**BRIEF**.
Go through the listing below and retype exactly the lines starting at the one with "- Těstoviny s" and ending at the one with "Käytännöllinen ruokakomero keittiön", skipping pictures.
*** PROVIDED DATA ***
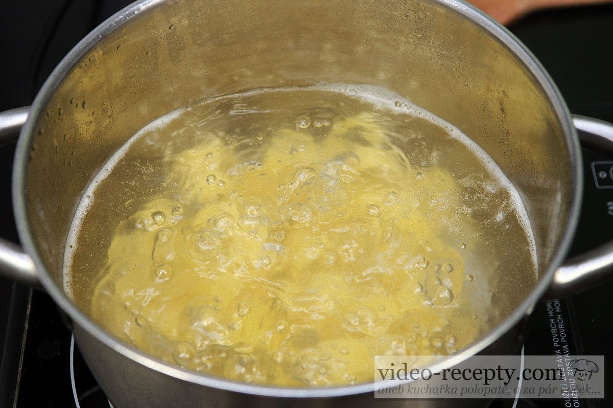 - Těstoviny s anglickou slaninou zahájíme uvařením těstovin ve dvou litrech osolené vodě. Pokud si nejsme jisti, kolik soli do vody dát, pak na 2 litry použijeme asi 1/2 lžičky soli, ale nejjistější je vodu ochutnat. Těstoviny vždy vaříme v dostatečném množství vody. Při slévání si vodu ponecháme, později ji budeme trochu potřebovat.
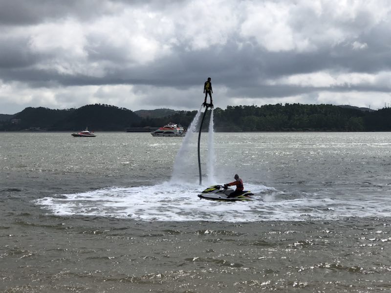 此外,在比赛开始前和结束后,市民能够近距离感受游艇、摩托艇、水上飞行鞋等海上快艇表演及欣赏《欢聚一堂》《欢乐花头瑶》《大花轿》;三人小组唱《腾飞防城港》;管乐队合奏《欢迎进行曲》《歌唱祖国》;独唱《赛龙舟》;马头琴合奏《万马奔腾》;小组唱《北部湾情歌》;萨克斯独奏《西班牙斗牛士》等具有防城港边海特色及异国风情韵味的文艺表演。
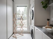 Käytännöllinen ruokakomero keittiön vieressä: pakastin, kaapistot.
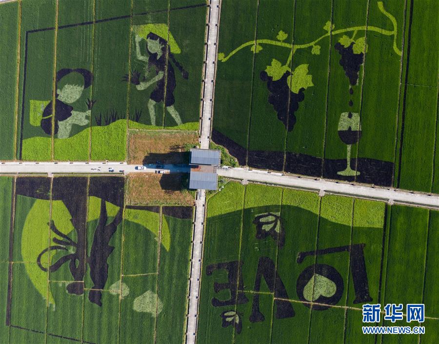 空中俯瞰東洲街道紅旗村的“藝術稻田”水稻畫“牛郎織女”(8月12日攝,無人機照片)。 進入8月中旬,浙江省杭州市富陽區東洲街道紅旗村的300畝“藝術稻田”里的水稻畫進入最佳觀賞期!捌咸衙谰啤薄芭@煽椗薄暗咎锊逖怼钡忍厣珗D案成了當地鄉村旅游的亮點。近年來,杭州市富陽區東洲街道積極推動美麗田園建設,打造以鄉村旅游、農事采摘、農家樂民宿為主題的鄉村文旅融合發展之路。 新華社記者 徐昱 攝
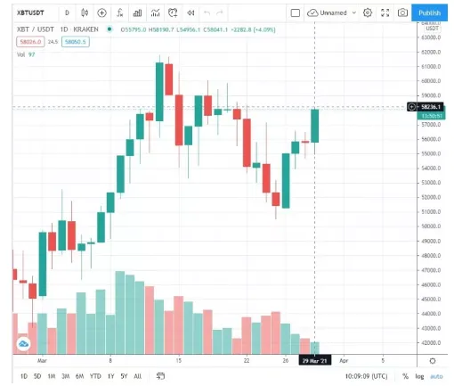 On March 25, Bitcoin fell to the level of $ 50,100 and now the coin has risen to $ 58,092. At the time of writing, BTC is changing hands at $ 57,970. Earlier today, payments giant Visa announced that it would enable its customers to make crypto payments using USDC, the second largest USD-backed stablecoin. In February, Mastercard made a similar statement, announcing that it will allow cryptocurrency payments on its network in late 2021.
***
*** PROVIDED DATA ***
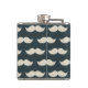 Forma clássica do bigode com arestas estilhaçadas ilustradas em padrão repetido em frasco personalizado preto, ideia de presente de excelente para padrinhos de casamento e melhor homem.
***
**RESPONSE FOR THIS EXERCISE**.
 - Těstoviny s anglickou slaninou zahájíme uvařením těstovin ve dvou litrech osolené vodě. Pokud si nejsme jisti, kolik soli do vody dát, pak na 2 litry použijeme asi 1/2 lžičky soli, ale nejjistější je vodu ochutnat. Těstoviny vždy vaříme v dostatečném množství vody. Při slévání si vodu ponecháme, později ji budeme trochu potřebovat.
 此外,在比赛开始前和结束后,市民能够近距离感受游艇、摩托艇、水上飞行鞋等海上快艇表演及欣赏《欢聚一堂》《欢乐花头瑶》《大花轿》;三人小组唱《腾飞防城港》;管乐队合奏《欢迎进行曲》《歌唱祖国》;独唱《赛龙舟》;马头琴合奏《万马奔腾》;小组唱《北部湾情歌》;萨克斯独奏《西班牙斗牛士》等具有防城港边海特色及异国风情韵味的文艺表演。
 Käytännöllinen ruokakomero keittiön vieressä: pakastin, kaapistot.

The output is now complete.